Dal Prg alle elezioni, parla Catania: "Con il M5S nel dopo-Orlando ma la città futura si decide ora"

L'assessore più contestato della Giunta comunale interviene sul nuovo strumento urbanistico e sulla situazione politica. "Fase storica, i consiglieri hanno tutto l'interesse ad adottarlo prima del voto". Il rimpasto? "Italia Viva l'ha chiesto solo al sindaco". Stoccata sul ponte Corleone: "C'è chi ha fatto sin troppa propaganda"

Sul nuovo Piano regolatore generale, che venerdì la Giunta ha inviato al Consiglio comunale, spicca la firma di Giusto Catania: l'assessore più contestato dell'amministrazione Orlando, ma anche il più politico.

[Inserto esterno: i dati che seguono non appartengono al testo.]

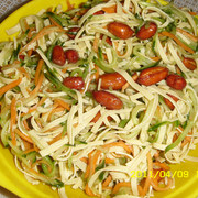黄瓜、豆腐皮、胡萝卜、油炸花生米、盐、橄榄油、辣椒油、鸡精、味极鲜、米醋、蒜。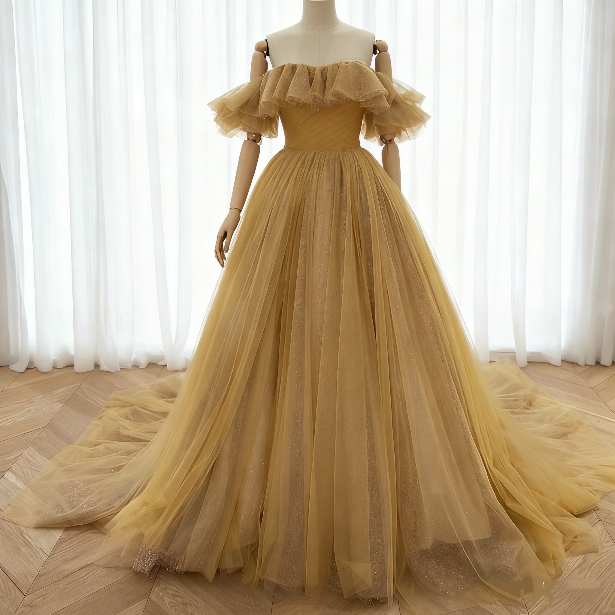 カラードレス イエロー キラキラグリッターチュール オフショルダー ソフトチュール Aライン 結婚式
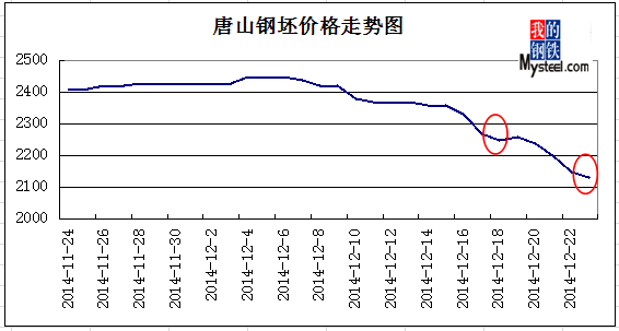 上图是近1个月以来的唐山钢坯价格走势图。从上图可以看出唐山钢坯价格从12月7日开始了下跌之旅,16日价格开始加速下滑,一直持续到18日,但18日下滑幅度有所止住,19日价格便打破下跌格局小幅上扬,见上图第一个红色圆圈处。接下来从21日起,钢坯价格继续加速下滑,一直持续到今日,但是今日下滑幅度有所减缓,就如18日一般,见上图第二个红色圆圈处。笔者认为,这是一个止跌的信号,并且往往暴跌之后必有反弹,19日第一波反弹失败,那么接下来的反弹成功率应该是增大的。从这点来看,钢坯价格或许能缓住一口气。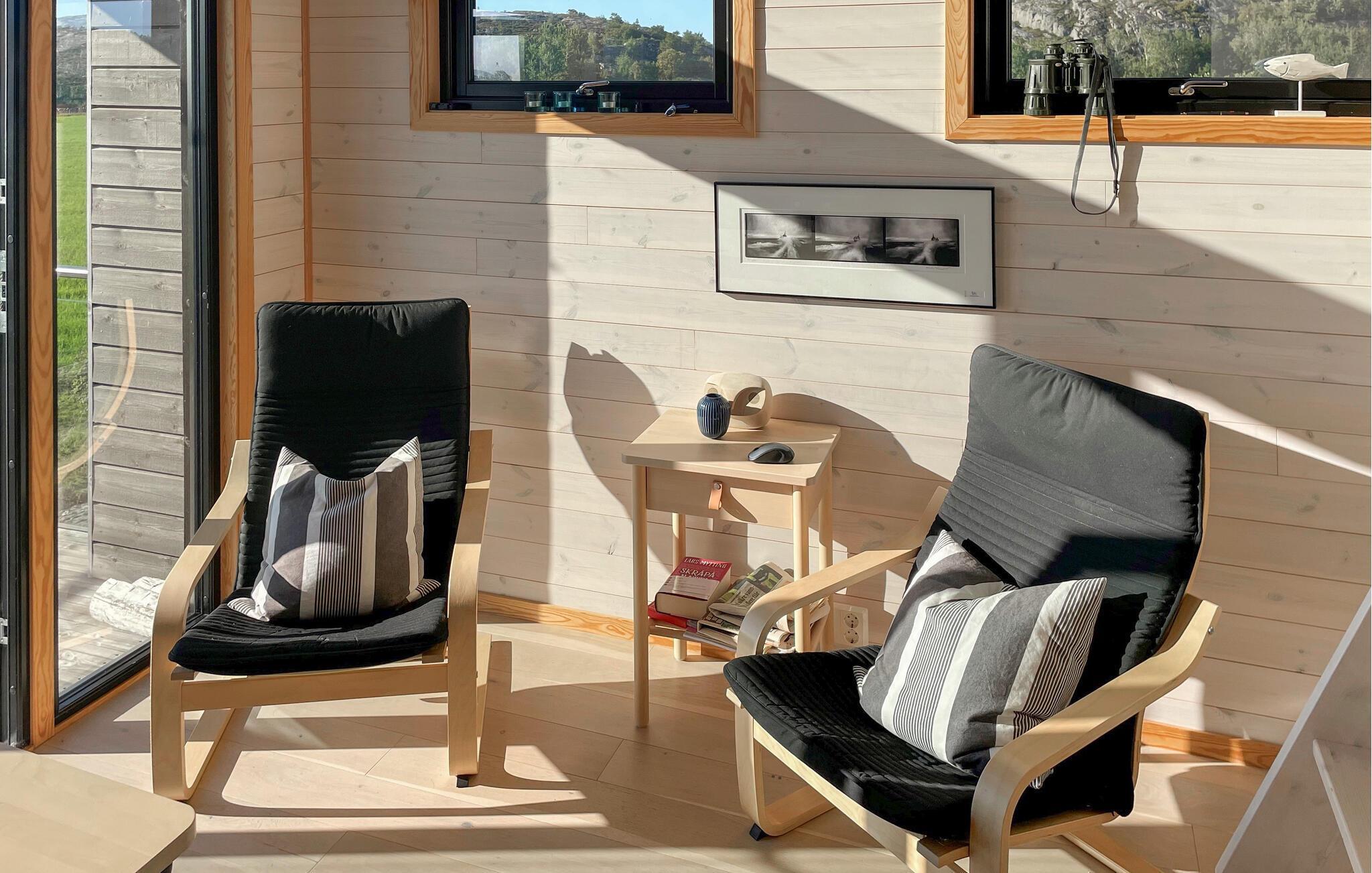 Willkommen in diesem modernen Ferienhaus auf Lysøya, wo Sie das Gefühl von Freiheit und Naturverbundenheit hautnah erleben. Diese kompakte Unterkunft ist perfekt gestaltet, um Ihnen den nötigen Komfort zu bieten, während das Meer und die atemberaubende Landschaft direkt vor der Tür liegen. Große Fenster lassen Tageslicht herein und bieten einen spektakulären Blick auf die Umgebung. Die geschmackvolle Einrichtung sorgt für eine gemütliche Atmosphäre, in der Sie nach einem Tag voller Abenteuer entspannen können. Hier können Sie die Natur genießen, sei es beim Frühstück auf der Terrasse oder beim Ausklang am Abend mit Blick auf den Sonnenuntergang über dem Wasser.

Dettaglio quest'ultimo non trascurabile, perché il compagno Catania - uno che non ha mai rinnegato di essere comunista, anzi "comunista così!" per dirla alla Mario Brega - dopo la pioggia infinita di polemiche e attacchi (anche dal cosiddetto fuoco amico) per le decisioni riguardanti la mobilità (sempre condivise dal e col sindaco Orlando), su un documento principalmente tecnico come il Prg incassa un risultato politico: affermare quella visione della città, "in sintonia con il tram, il Pums, la Ztl e le pedonalizzazioni", che lui stesso definisce "il compimento di scelte strategiche che possono cambiare la Palermo dei prossimi 30 anni". 

Non solo. Dopo aver incassato, l'assessore comunale all'Urbanistica e alla Mobilità rilancia: dice la sua sulle fibrillazioni - mai sopite - nello schieramento che governa la città e getta lo sguardo alle elezioni del 2022. "Credo che si debba ripartire da chi condivide questo impianto politico - afferma l'esponente di punta di Sinistra Comune - includendo anche il Movimento 5 Stelle. Le coalizioni comunque non si costruiscono a tavolino, ma sono il frutto delle scelte che faremo ora. Il Prg è una di queste".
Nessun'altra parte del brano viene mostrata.